EMBARGOS – APELAÇÃO CÍVEL. DIREITO TRIBUTÁRIO. EMBARGOS À EXECUÇÃO FISCAL. IPVA. ILEGITIMIDADE PASSIVA. PROPRIETÁRIO DIVERSO. ACOLHIMENTO. INSURGÊNCIA DO ESTADO DE SANTA CATARINA. 1. Como assentado por esta Corte, o fato gerador do IPVA é a propriedade de veículo automotor, cuja transferência se opera pela tradição. 2. Se a execução fiscal foi proposta contra quem não está cadastrado no órgão de trânsito como proprietário do veículo e não é possível constatar se houve tradição do bem em favor do executado, em algum momento, mostra-se insuficiente, para fins de comprovação da propriedade a anotação de restrição, com comunicação de venda sem identificação do comprador. 3. Não é possível fixar honorários advocatícios em desfavor do executado que não deu causa à demanda, por nunca ter figurado como proprietário do veículo perante o órgão de trânsito. 4. Sentença mantida. RECURSO CONHECIDO E DESPROVIDO....
(TJSC; Processo nº 0131562-43.2013.8.24.0064; Recurso: embargos; Relator: ; Órgão julgador: ; Data do Julgamento: 19 de dezembro de 2006)
Texto completo da decisão
Documento:7241017 ESTADO DE SANTA CATARINA TRIBUNAL DE JUSTIÇA
Apelação Nº 0131562-43.2013.8.24.0064/SC
DESPACHO/DECISÃO
Cuida-se, na origem, de "ação anulatória de ato declarativo da dívida cumulada com obrigação de fazer e indenizatória", que tramitou perante a Vara de Execução Fiscal Estadual, ajuizada por A. P. B. em desfavor do Estado de Santa Catarina, visando (i) a declaração de que não é proprietário do veículo Caminhão Mercedes Benz de placas MFF9390; (ii) a desconstituição da CDA que deu origem à execução fiscal apensa (autos n. 0021091-67.2007.8.24.0064), e (iii) indenização por danos morais.
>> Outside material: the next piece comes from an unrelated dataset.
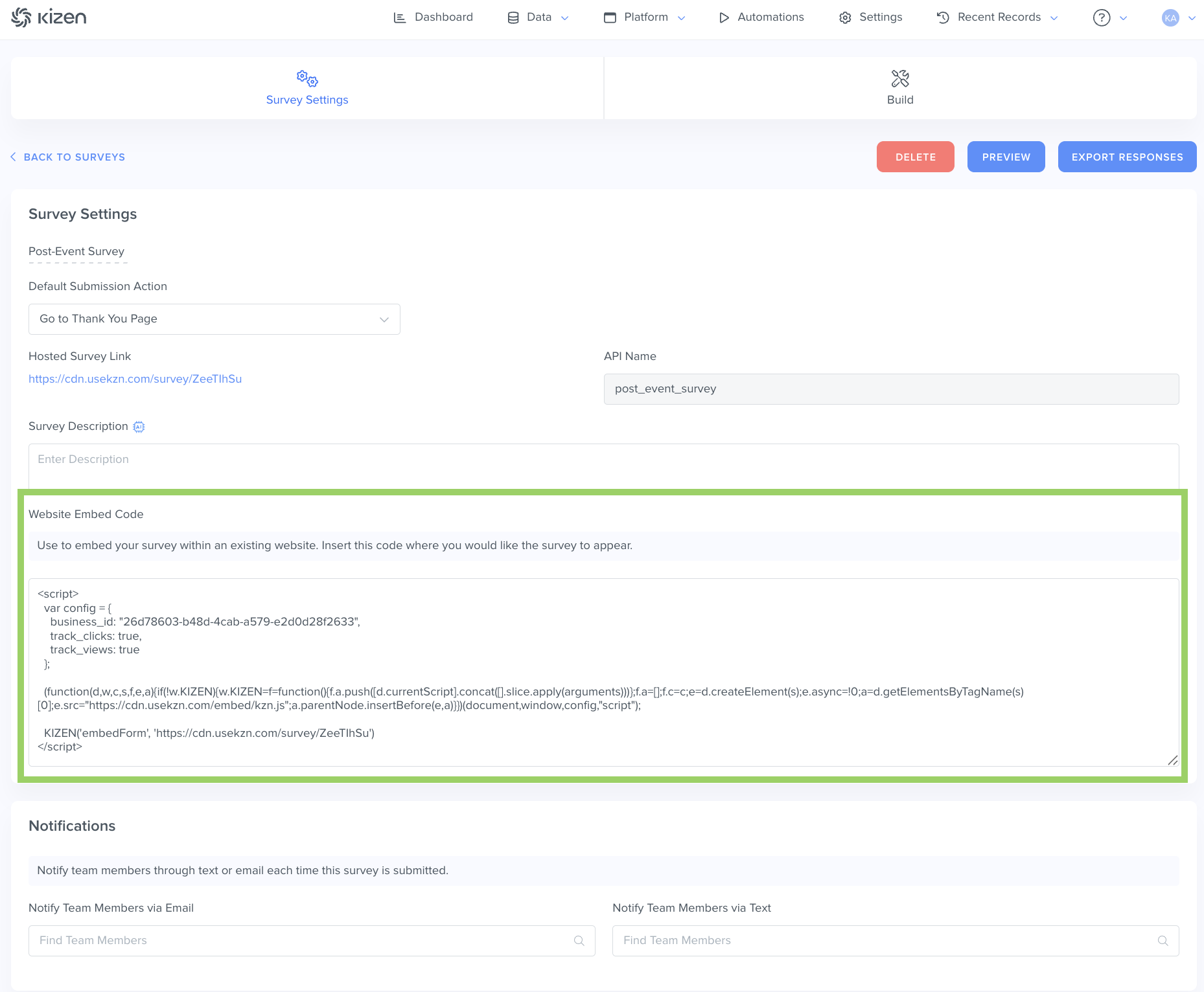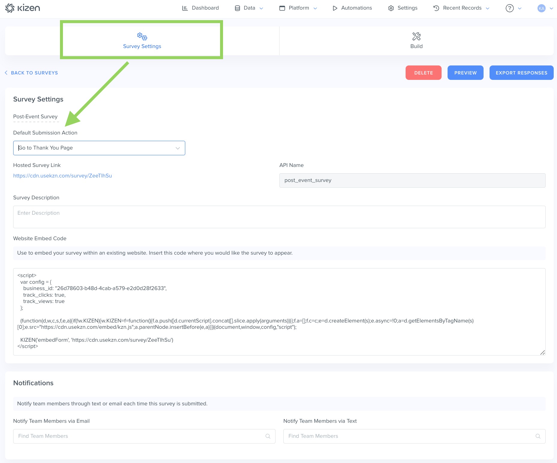 Once you have created your surveys, Kizen offers you several options for the next steps. You can customize the post-submission page, set up notifications to alert specific team members, or build automations to kick off workflows based on survey results.

O autor alegou, em síntese, que reside no Estado do Rio de Janeiro há mais de 40 anos e que, em 2009, foi surpreendido com multas e cobranças de dívida ativa relativas ao caminhão supra mencionado. Posteriormente, descobriu que o veículo constava em seu nome no cadastro do Detran/SC. Assegurou, contudo, que jamais possuiu qualquer veículo naquele Estado, sustentando ter sido, possivelmente, vítima de fraude praticada por terceiros que utilizaram seus documentos para adquirir o bem. Diante disso, requereu a aplicação da distribuição dinâmica do ônus da prova, a fim de que atribuir ao ente estatal a demonstração da propriedade do veículo.
Ao final, pleiteou: (i) a exclusão de seu nome do prontuário do veículo junto ao Detran/SC; (ii) a desconstituição da CDA n. 6004491229; (iii) a extinção da execução fiscal e (iv) indenização por danos morais (evento 5, PET2 a evento 5, PET30).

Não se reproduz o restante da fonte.